Domestic tax residency under Cabinet Decision No. 85 of 2022 is established by satisfying any of the three FTA tests (centre of interests, 183-day, or 90-day cumulative route). The Federal Tax Authority will issue a domestic-purpose Tax Residency Certificate on any of these bases. For treaty-purpose TRCs, used to claim relief under double tax conventions including the UK-UAE Convention 2016, the FTA requires 183 days of physical presence in the relevant 12-month period regardless of which domestic test was satisfied. The 90-day route is sufficient for domestic residency but not for a treaty-purpose TRC.
How many days do I need to spend in the UAE to qualify under the 90-day route?
Physical presence in the UAE for at least 90 days in any consecutive 12-month period, combined with three cumulative additional conditions: status as a UAE national, holder of a valid UAE residence permit, or GCC national; and either a permanent place of residence in the UAE or carrying on employment or business in the UAE. Day counting includes partial days under Ministerial Decision No. 27 of 2023, which differs from the UK Statutory Residence Test's midnight-only counting.
What happens if I am simultaneously UK-resident under the SRT and UAE-resident under FTA rules?

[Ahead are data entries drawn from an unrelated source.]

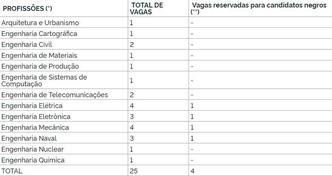 As chances são de nível superior para formados em arquitetura e urbanismo e engenharia (cartográfica, civil, de materiais, de produção, de sistemas de computação, de telecomunicações, elétrica, eletrônica, mecânica, naval, nuclear e química).
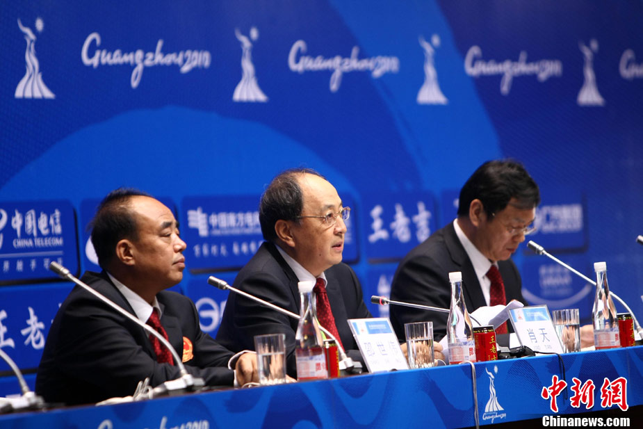 11月10日,中國體育代表團新聞發布會在亞運主媒體中心一號新聞廳召開。中國體育代表團副團長肖天就目前媒體記者關注的問題做了回答。 中新社記者 杜洋攝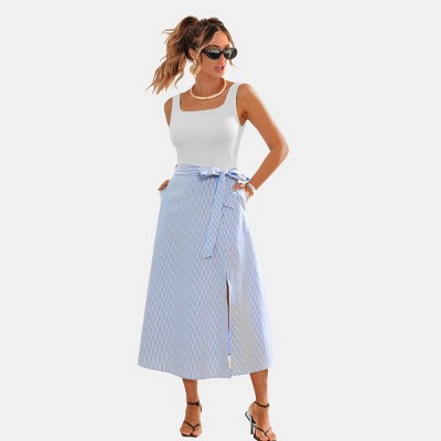Women's Breezy Striped Sleeveless Dress with Drawstring Waist - Cupshe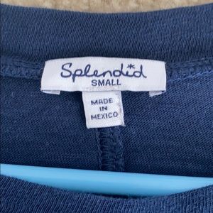 Women’s small splendid top. Navy blue with wide sleeves and like detailing down the middle in the front and back.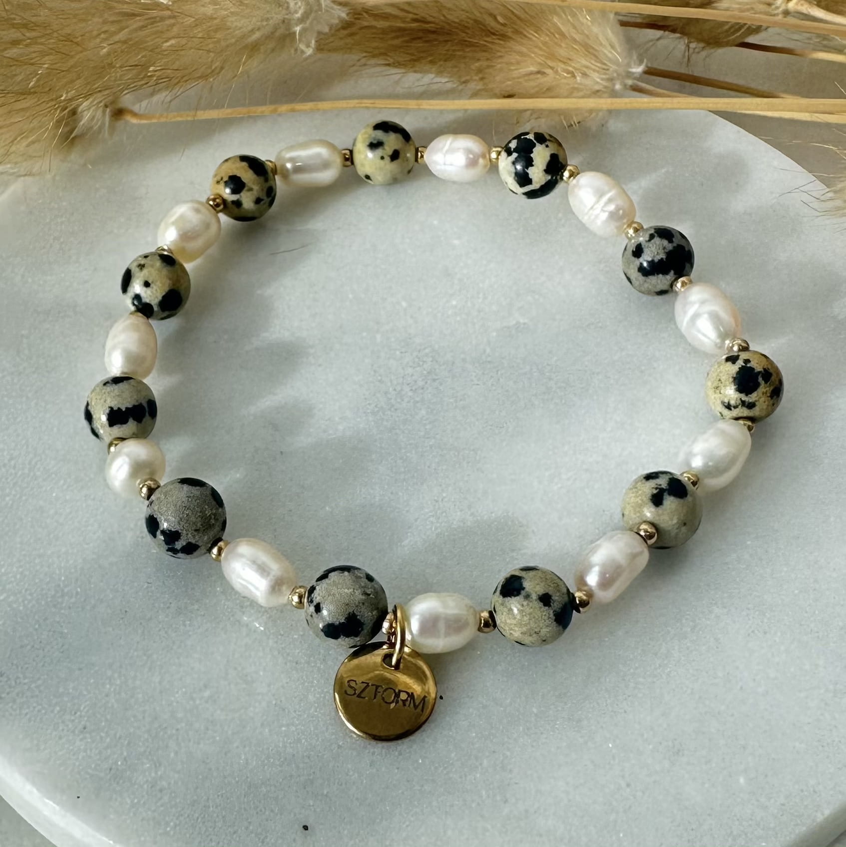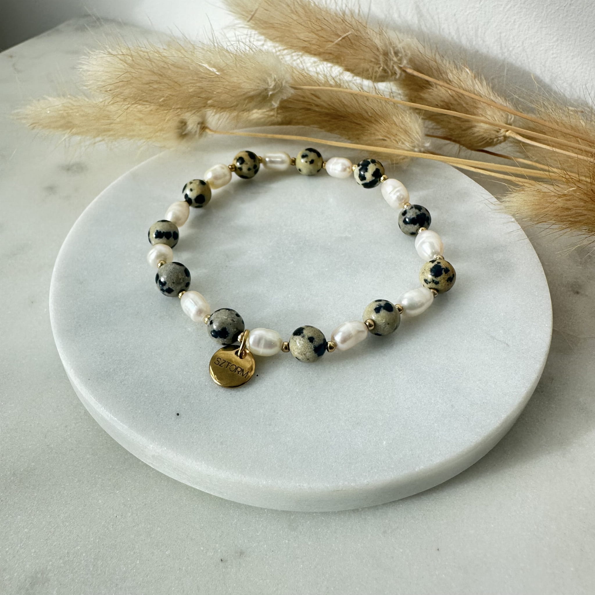 Bransoletka SeaBorn wykonana z Jaspisu Dalmatyńskiego, Pereł oraz złotych kulek ze stali chirurgicznej.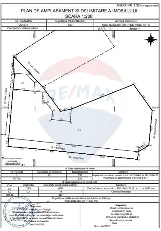 The construction was carried out in 1998, has a total area of 2200sqm and is located on a plot of land with an area of 530 sqm, with a footprint of 408 sqm.

Where dual residency arises, the UK-UAE Double Taxation Convention 2016 (in force from 25 December 2016) applies the Article 4 tie-breaker sequence: permanent home available, centre of vital interests, habitual abode, nationality, and mutual agreement procedure. Treaty residence is allocated to one country for the purposes of treaty-covered income. UK domestic residency is unaffected for matters outside the treaty, including the long-term resident IHT framework under Section 6A IHTA 1984.
Can I rely on the centre-of-interests test if my family remains in the UK?
In most cases, no. The centre-of-interests test under Cabinet Decision No. 85 of 2022 looks to where the individual's usual or primary place of residence and the centre of their financial and personal interests are located. Family location is the dominant factor in personal interests in practice. An HNWI whose spouse and minor children remain in the UK for schooling typically has a UK centre of personal interests and cannot rely on this test, regardless of UAE business activity. The 183-day or 90-day route is the alternative.
How does day counting under UAE rules differ from the UK Statutory Residence Test?
The UAE counts partial days: a day on which the individual is present in the UAE for any part of the day counts as a day under Ministerial Decision No. 27 of 2023. The UK SRT under Schedule 45 paragraph 22(1) of the Finance Act 2013 counts only midnight presence: a day is a UK day if the individual is in the UK at midnight at the end of that day. An individual managing both day counts on the same calendar must apply two different counting rules. A flight landing in the UAE at 23:00 and departing the UK at 02:00 the same morning produces both a UAE day and a UK day under the respective rules.
The UAE residency framework was published to give legal certainty where administrative practice had previously been unwritten. The certainty is real for those who read the framework. It is illusory for those who skim the headline numbers and rely on what residence-by-investment marketing promises about what a Golden Visa delivers.